- Developer: Avit
- Publisher: HAL Laboratory
- Platform: Microsoft Windows
- Release: JP: November 16, 1996;
- Genre: Puzzle game
- Mode: Single-player

= Eggerland Episode 0: Quest of Rara =

1996 video game

Eggerland Episode 0: Quest of Rara (エッガーランド - エピソード ０ - Quest of Rara, Eggārando Episōdo 0 - Quest of Rara) is a puzzle game released in 1996, developed by Avit and published by HAL Laboratory for Microsoft Windows. It is based on the Japanese Eggerland video game series. This game was the first of three Windows releases and is a demo, consisting of 30 stages, to show players what the full-version release of Eggerland for Windows 95 would be capable of when it was launched in December 1996 (it contained 194 stages). On June 15, 2000, the Windows 98 compatible version of Eggerland for Windows 95 was released under the name Revival! Eggerland. It was later re-released again for Windows ME in November 2001.

==Game information==
This game features vastly improved graphics from the prior releases, most of which had been released on home consoles that offered inferior graphic capabilities when compared with most personal computers.

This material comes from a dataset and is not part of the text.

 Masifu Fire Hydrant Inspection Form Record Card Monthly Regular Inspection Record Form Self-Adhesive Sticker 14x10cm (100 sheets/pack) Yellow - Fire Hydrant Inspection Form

The game features a saved game instead of passwords, so players can simply pick up where they left off.

A new object called a Crystal Framer was added. This is a pushable block, like an Emerald Framer, which can block enemy movements and shots. In addition, Rara, or Lala as she is known outside Japan, can shoot a shot and it will be reflected clockwise or counter-clockwise (depending on the type of Crystal Framer). This allows Rara to put monsters such as Medusas or Don Medusas in eggs.

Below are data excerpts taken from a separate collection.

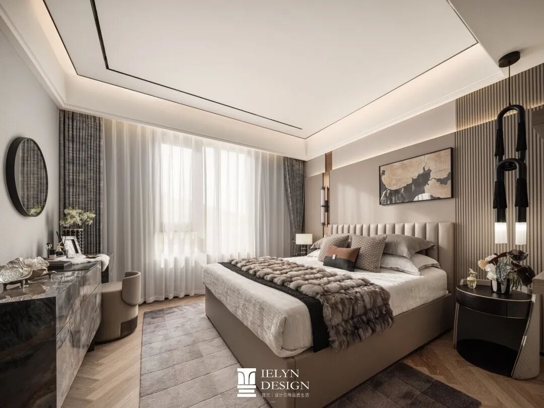 整体空间纹理,色彩简洁,形式简约,将优雅时尚的质感结合现代轻奢的高品质,展示精致高端的生活态度,体现生活的情调和舒适。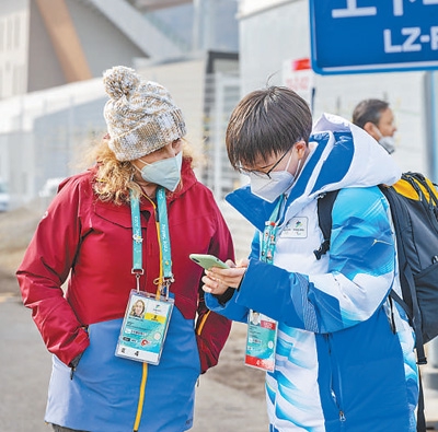 3月9日,国家冬季两项中心,志愿者(右)帮助外国记者查看班车时刻表。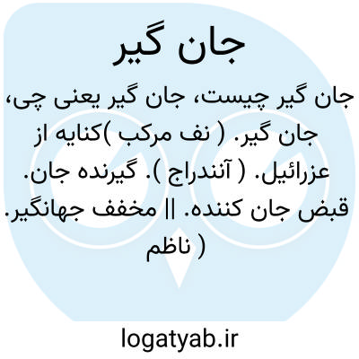 جان گیر. ( نف مرکب )کنایه از عزرائیل. ( آنندراج ). گیرنده جان. قبض جان کننده. || مخفف جهانگیر. ( ناظم الاطباء ).

The developer Avit was composed of former Technos Japan Corp staff. They were closely associated with HAL.

==Construction mode==
The game allows players to create their own "Eggerland" maps with a level creation program known as "Construct Mode". All of the enemies and options that are available in the main game appear in Construction as well as the terrains (and accompanying music). Construction files are saved as Construct.txt which can consequently be emailed to friends and/or shared online, and this has become the norm among many Eggerland communities. The 1996 release of Eggerland for Windows 95 and the 2000–2001 release of Revival! Eggerland included more available terrains and music files, but all releases can load the same files (though Eggerland 0 would not display the new terrain objects from the other versions).

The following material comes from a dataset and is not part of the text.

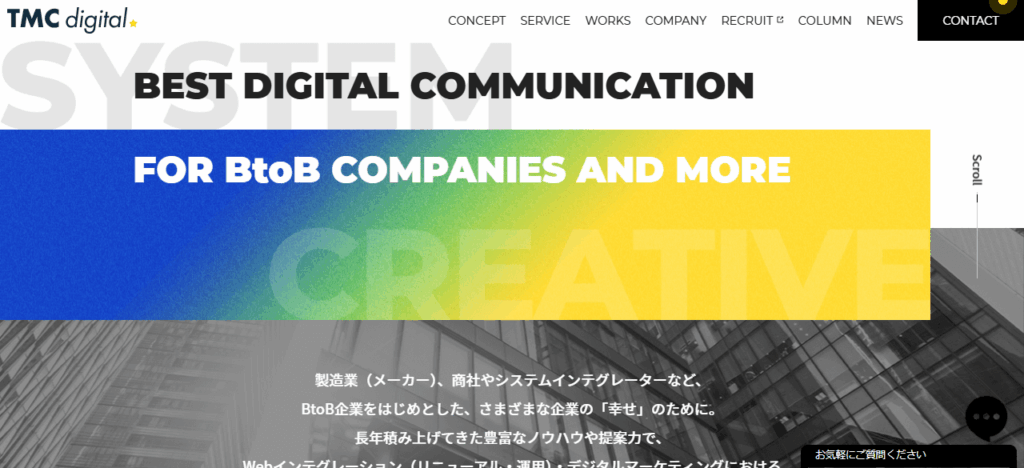 TMCデジタルは、製造業を中心に、商社やシステムインテグレータなどのBtoB企業を対象としたホームページ制作からWebマーケティングまでを一貫して支援しています。

Additionally, players can rename CONSTRUCT.TXT to EGGLAND1.MAP (if using Eggerland for Windows 95/Revival! Eggerland) or EGGLAND0.MAP (for Episode 0). This allowed players to play their custom maps just as they would play the normal game. When they select New Game, the game loaded their custom map instead of the game's default file. Playing a custom map as a .MAP file as opposed to a .TXT file allowed players to save their progress whenever they wish and resume later (this is especially helpful for long and difficult maps). However, they wanted to rename the game's original file to something like EGGLAND1.ORIGINAL.MAP so as not to overwrite the file. They simply needed to revert this in order to play the original game again.